On the flip side my doctors surgery decided patient verification should be my name and date of birth. They used a widget designed for appointments etc so you had to click "<" to go back a month. My birthdate was over 60 years ago and I may be picky but over 700 clicks for a date seems like bad UX.

Fell in love with them while building MS Access databases and National Instruments LabVIEW for Windows data acquisition apps back in the 90s.

Set up the databases here as well in access, early 2000s.
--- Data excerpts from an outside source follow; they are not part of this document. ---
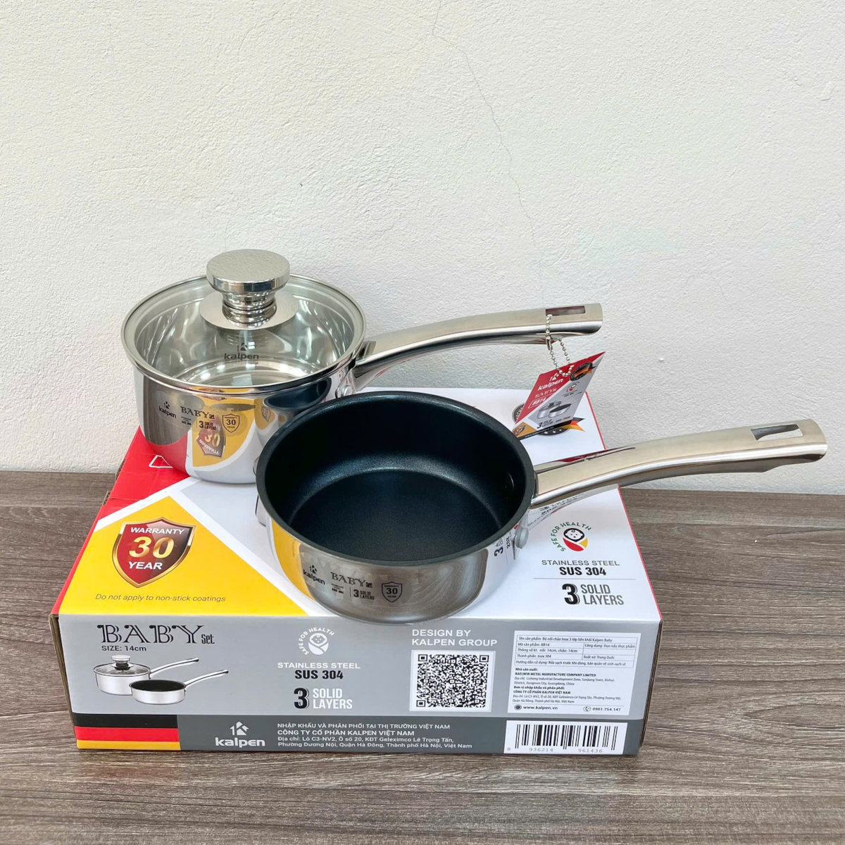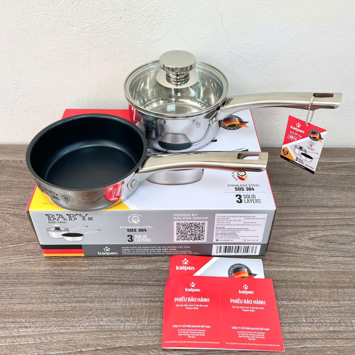 Tên sản phẩm: Bộ nồi chảo inox 3 lớp liền khối Kalpen Baby BB14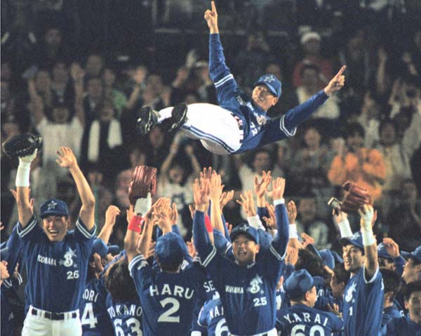 DeNAの優勝は1998年が最後(38年ぶりのセ・リーグ優勝に輝き、ナインに胴上げされる横浜・権藤監督)/(C)共同通信社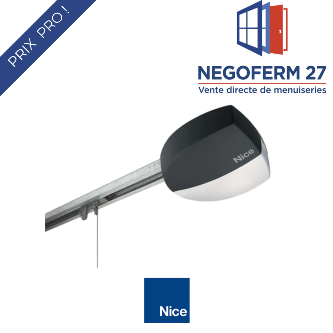 Le kit SPINBUS 40 de NICE est une motorisation résidentielle conçue pour automatiser les portes de garage sectionnelles ou basculantes à débordement.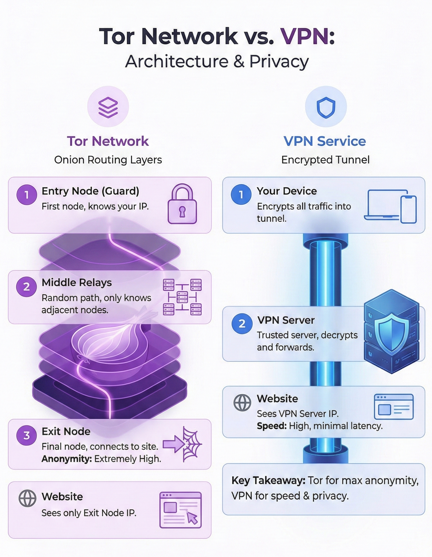 Pro tip: Use VPN for daily activities (streaming, browsing, shopping) and Tor when you need maximum anonymity for sensitive activities.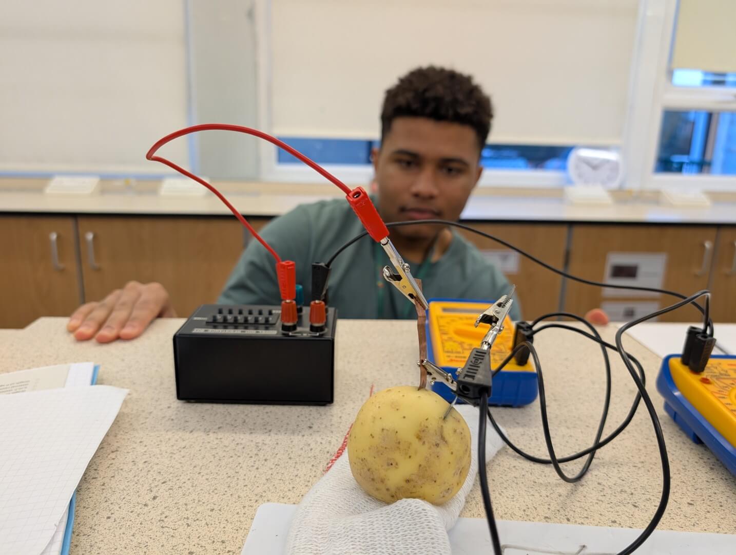 They built electrical circuits and applied what they have learned this year about using multimeters, variable resistors and circuit design. Using the data they collected, students will now determine the electromotive force, internal resistance and maximum power output of their potato batteries. Great work everyone, well done!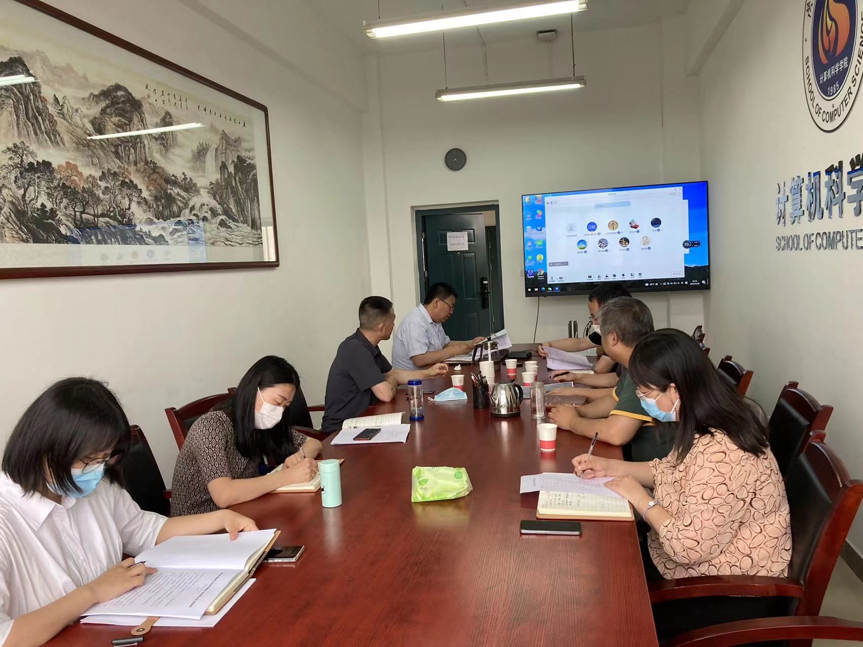 接着,在两位支委的带领下,同志们一起学习了习近平总书记在庆祝中国共产主义青年团成立100周年大会上的重要讲话。最后,由赵铎和毛庆同志分别为大家解读学校近期关于疫情防控工作的通知和疫情防控指导手册。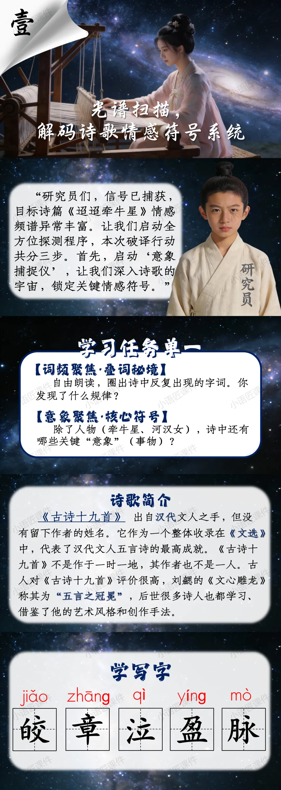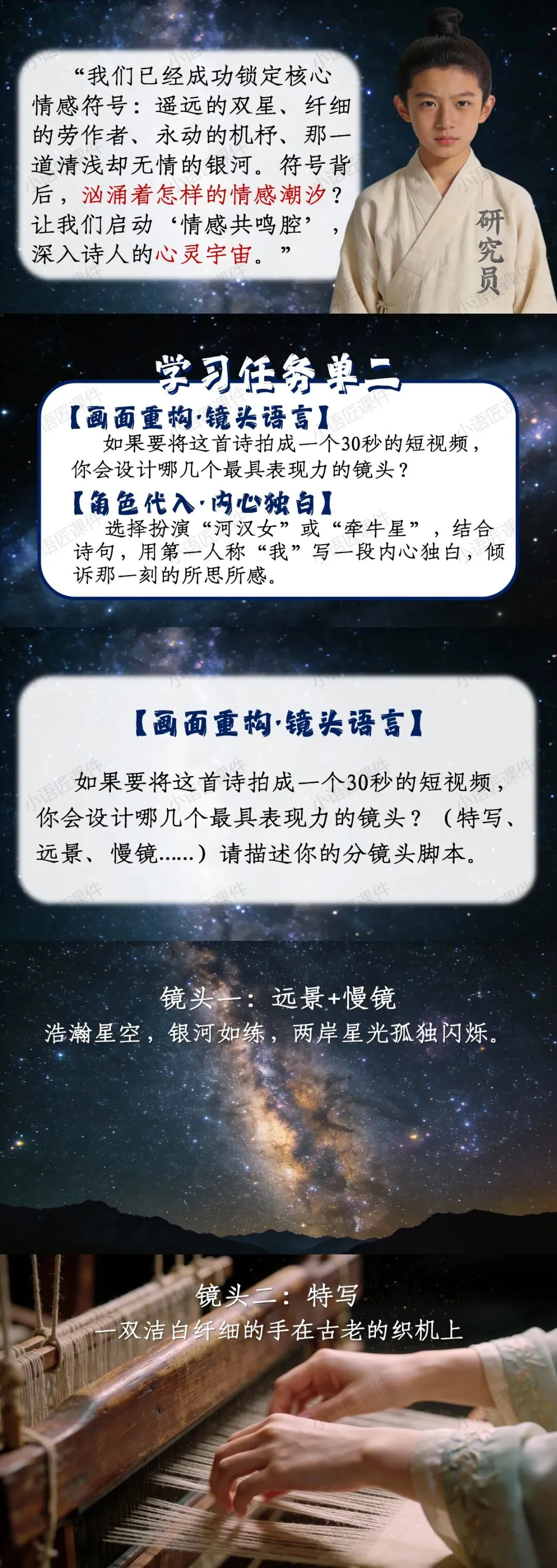 以上便是部编人教版六年级下册《迢迢牵牛星》的独家课件的全部内容。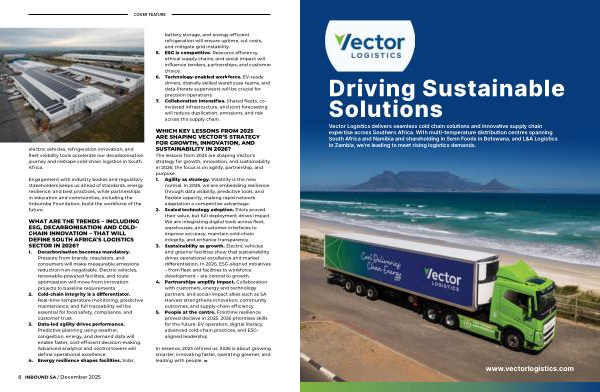 Vector Logistics delivers seamless cold chain solutions and innovative supply chain expertise across Southern Africa. With multi-temperature distribution centres spanning South Africa and Namibia and shareholding in Senn Foods in Botswana, and L & A Logistics in Zambia, we’ re leading to meet rising logistics demands. www. vectorlogistics. com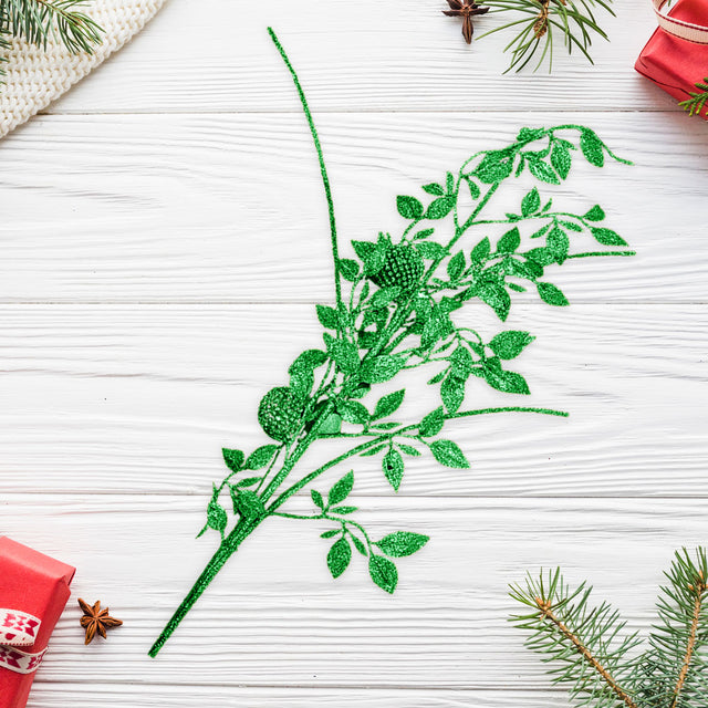 Follaje, Rama Decorativa, Glitter, Color Verde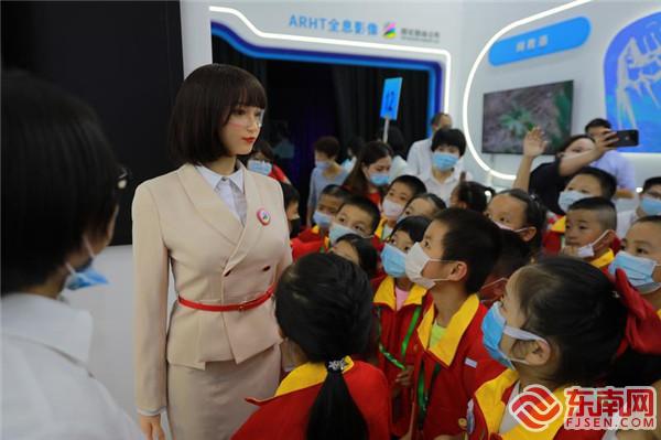 第三屆數(shù)字中國建設峰會期間,東南網(wǎng)策劃并進行網(wǎng)絡視頻直播,聚焦展示成果展上亮相的“黑科技”、新成果。圖為AI機器人與小朋友互動。

Then a few years ago we got onto Office 365, so had to remake everything in power apps. Still great with the combo boxes but just to try to get a last PM date for our vehicles, what a pain. I had to mash everything together, kind of sideways, can't even remember what the operation was called now. Get the MAX PM dates then pull out the relevant associated records. It was like a paragraph long statement that took a couple/few weeks to work out the syntax, but it works.
 
The first time I used one myself was some JS widget someone recommended. It was a damned big list of possible values and I was amazed how responsive it was. I go back to Netscape and pre-gopher days.

On the flip side my doctors surgery decided patient verification should be my name and date of birth. They used a widget designed for appointments etc so you had to click "<" to go back a month. My birthdate was over 60 years ago and I may be picky but over 700 clicks for a date seems like bad UX.

In my opinion, that sort of problem is caused by young (under 30) developers and a non-existent QA team. Or there is a QA team but it doesn't have very much imagination. Perhaps every QA team should have someone on it who's over 70. :)
 
On one occasion, a dropdown date I had to fill in for my birthday refused to go back more than 50 years. They must have had thousands of people born on 1-Jan-1970. I think that was a UNIX limitation...someone?

That is the date when UNIX time starts, but it takes some imagination to make it a limitation in a user-facing application.